### TASK DATA:
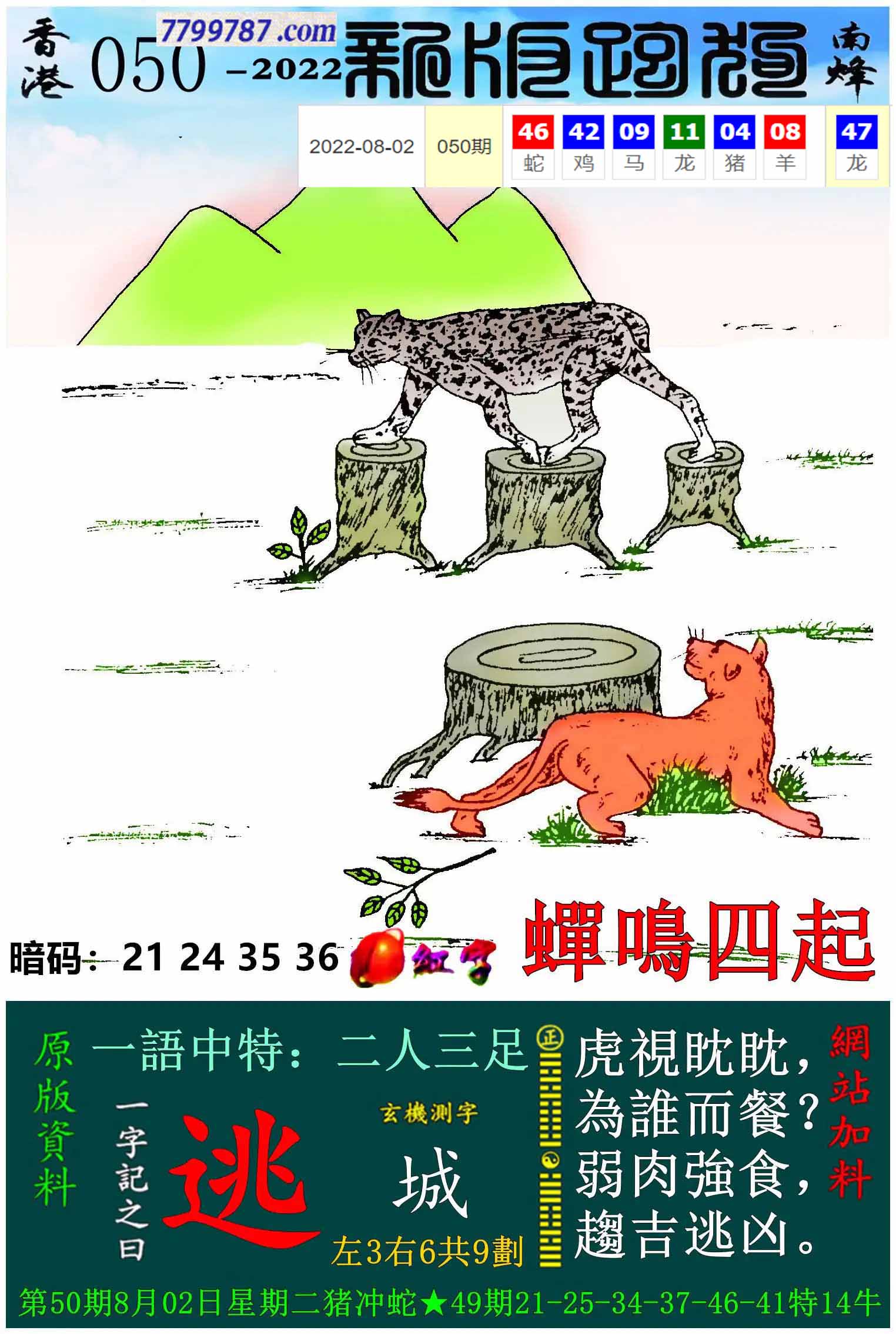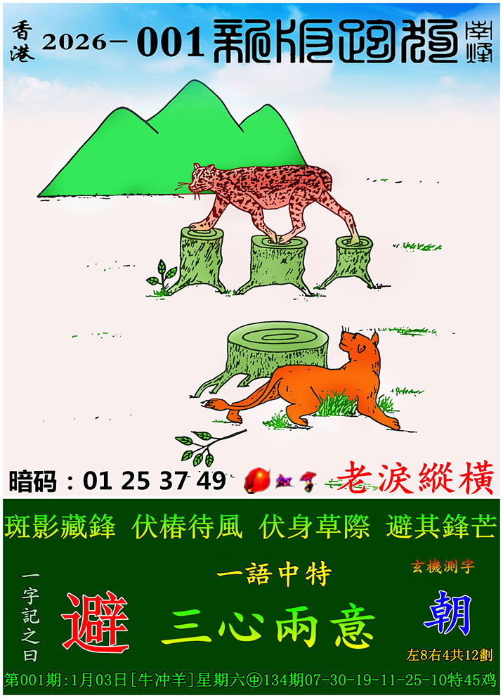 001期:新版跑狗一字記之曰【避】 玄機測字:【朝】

==

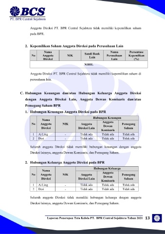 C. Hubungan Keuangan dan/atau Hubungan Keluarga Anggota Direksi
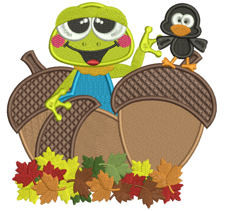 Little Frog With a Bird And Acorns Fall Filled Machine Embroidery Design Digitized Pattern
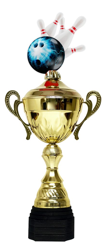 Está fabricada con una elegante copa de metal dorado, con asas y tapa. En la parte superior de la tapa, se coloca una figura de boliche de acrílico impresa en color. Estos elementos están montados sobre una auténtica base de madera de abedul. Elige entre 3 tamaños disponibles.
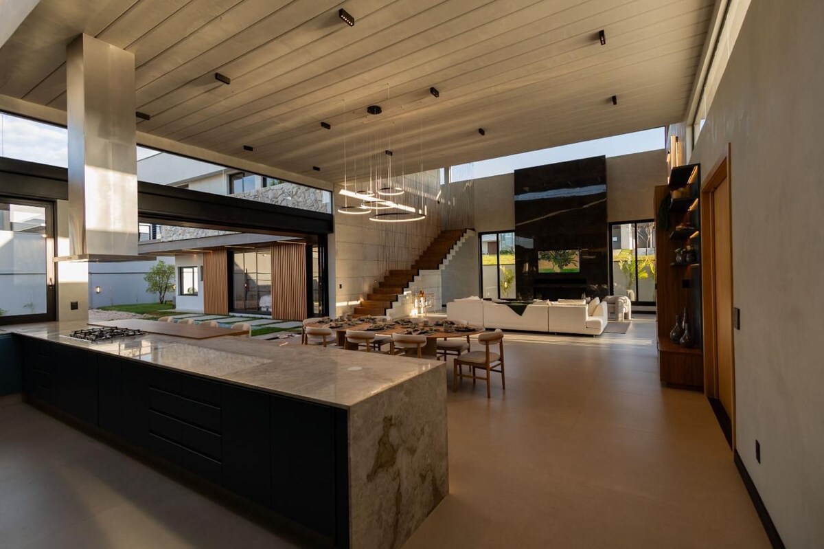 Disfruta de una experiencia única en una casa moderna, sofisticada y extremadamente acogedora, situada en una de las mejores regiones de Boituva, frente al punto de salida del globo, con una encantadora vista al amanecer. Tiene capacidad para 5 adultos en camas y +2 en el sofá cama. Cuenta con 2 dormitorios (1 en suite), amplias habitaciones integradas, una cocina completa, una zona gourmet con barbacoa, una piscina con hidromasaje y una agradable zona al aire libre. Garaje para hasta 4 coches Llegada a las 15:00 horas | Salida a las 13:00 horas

### TASK OBJECTIVE:
Starting at the line that contains "Little Frog With" and ending at the line that contains "Está fabricada con", transcribe the material above exactly, excluding pictures.

### SOLVED PROBLEM:
 Little Frog With a Bird And Acorns Fall Filled Machine Embroidery Design Digitized Pattern
 Está fabricada con una elegante copa de metal dorado, con asas y tapa. En la parte superior de la tapa, se coloca una figura de boliche de acrílico impresa en color. Estos elementos están montados sobre una auténtica base de madera de abedul. Elige entre 3 tamaños disponibles.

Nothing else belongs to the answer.